Outrun by Ghosts

by shootingstarcipher



Category: IT (2017)
Genre: Angst, Hurt/Comfort, M/M, Mental Instability, Romance, Self-Harm
Language: English
Status: In-Progress
Published: 2017-10-10
Updated: 2017-10-10
Packaged: 2019-01-15 16:39:33
Rating: Mature
Warnings: Graphic Depictions Of Violence
Chapters: 1
Words: 2,924
Publisher: archiveofourown.org
Story URL: https://archiveofourown.org/works/12324837
Author URL: https://archiveofourown.org/users/shootingstarcipher/pseuds/shootingstarcipher
Summary: In the corner of the cellar, which Eddie never did like going into, was a cupboard whose key had been missing for quite some time. And in that cupboard, he found what appeared to be the remnants of someone’s sleeping arrangements, consisting of a ragged old pillow, a scrap of clothing (presumably used for a blanket), a small scattering of biscuit crumbs and a half-empty bottle of water – upon which a handwritten note proclaimed “Property of Richie Tozier”.





	Outrun by Ghosts

The most unusual occurrence that day – at least so far – was that after Eddie had run home from school as he did on any other day, taking care not to mix with any other children apart from Bill and Stan (the only two he trusted enough to stop and talk to for a while), he found the house completely empty. It seemed even colder than usual – and October in Derry was often quite cold – and lonelier. He was used to not mixing with other people his age but his mother was almost always by his side, school being the only time when she wasn’t. He even knocked on her bedroom door (he wasn’t allowed to open it as that was just bad manners, especially without knocking) and called to her, anxiously asking if he was there, but no-one called back.

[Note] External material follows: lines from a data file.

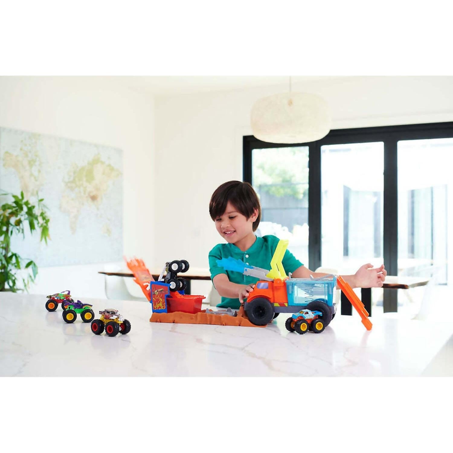 - The Hot Wheels Monster Trucks Arena Smashers Colour Shifters 5-Alarm Rescue playset packs cool sensory play with exciting colour-shifting features!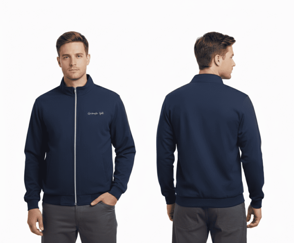 Acabamento Funcional: Design com fechamento em zíper frontal e punhos elásticos, garantindo ajuste seguro e visual esportivo profissional.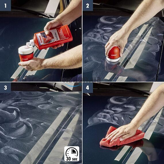 - Наконец, удалите остатки полироли снаружи салфеткой из микрофибры SONAX .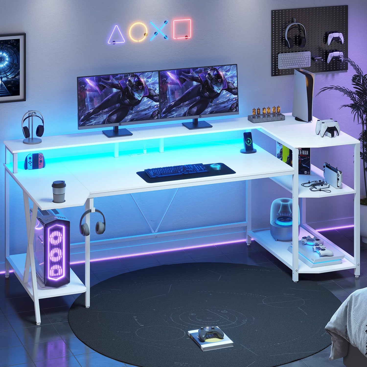 SEDETA White Gaming Desk 70.8'' with LED Lights and Storage Shelves, Computer Desk with Monitor Stand, Power Outlets and Cup Holder, Large PC Gamer Desk, Gaming Table for Bedroom, Living Room

He kept shouting until the alarm on his watch rang, reminding him of his so-called illness. He swallowed his pills without a thought, having to take them for so long making it second nature to him. The watch beeped, he swallowed a couple of pills. His life revolved around them but he didn’t really mind. It made his mother happy, after all. And she only wanted the best for him; she was only doing her job, protecting him.

Searching the rest of the house – all the while frantically telling himself she was probably just out shopping – took almost twenty minutes, mostly due to the countless breaks he had to have to calm his shaky breaths with his inhaler, which he never went without. His heart stopped dead when it came to the cellar. It was always the coldest, darkest and downright creepiest part of the house and he made several excuses not to search it, each one being quickly beaten down by the fact that he didn’t know what to do when his mother wasn’t there. Standing on the first step, he took a deep breath and called to her, praying that she’d answer and come running up to him immediately. She didn’t.

With his hand pressed flat against the wall, poised to strike the moment a light switch hit his fingertips, he delved deeper into the cellar, each step trembling more than the last. Eventually a bare light bulb flickered on and his eyes adjusted to the newfound light while his body tried to cope with the dramatic loss of heating. If he’d thought it was cold upstairs, the cellar was virtually freezing. But he could see clearly that no-one was there, that there was no sign of his mother at all.

As he turned his back on the cobweb-ridden clutter, preparing to leave, an unlocked cupboard creaked open behind him, the sound drawing him to it. His head whipped round first and then the rest of his body followed, eyes trained on the cupboard door in the darkest corner of the room. Fear attempted to glue his feet in place but curiosity overcame him, pulling him closer to it. Something was sticking out of the cupboard – an old scrap of clothing, perhaps? It was red and thin, stretched out and unwearable. But as he grew closer, he saw that it was not red. It was a dirtied white and bloodstained.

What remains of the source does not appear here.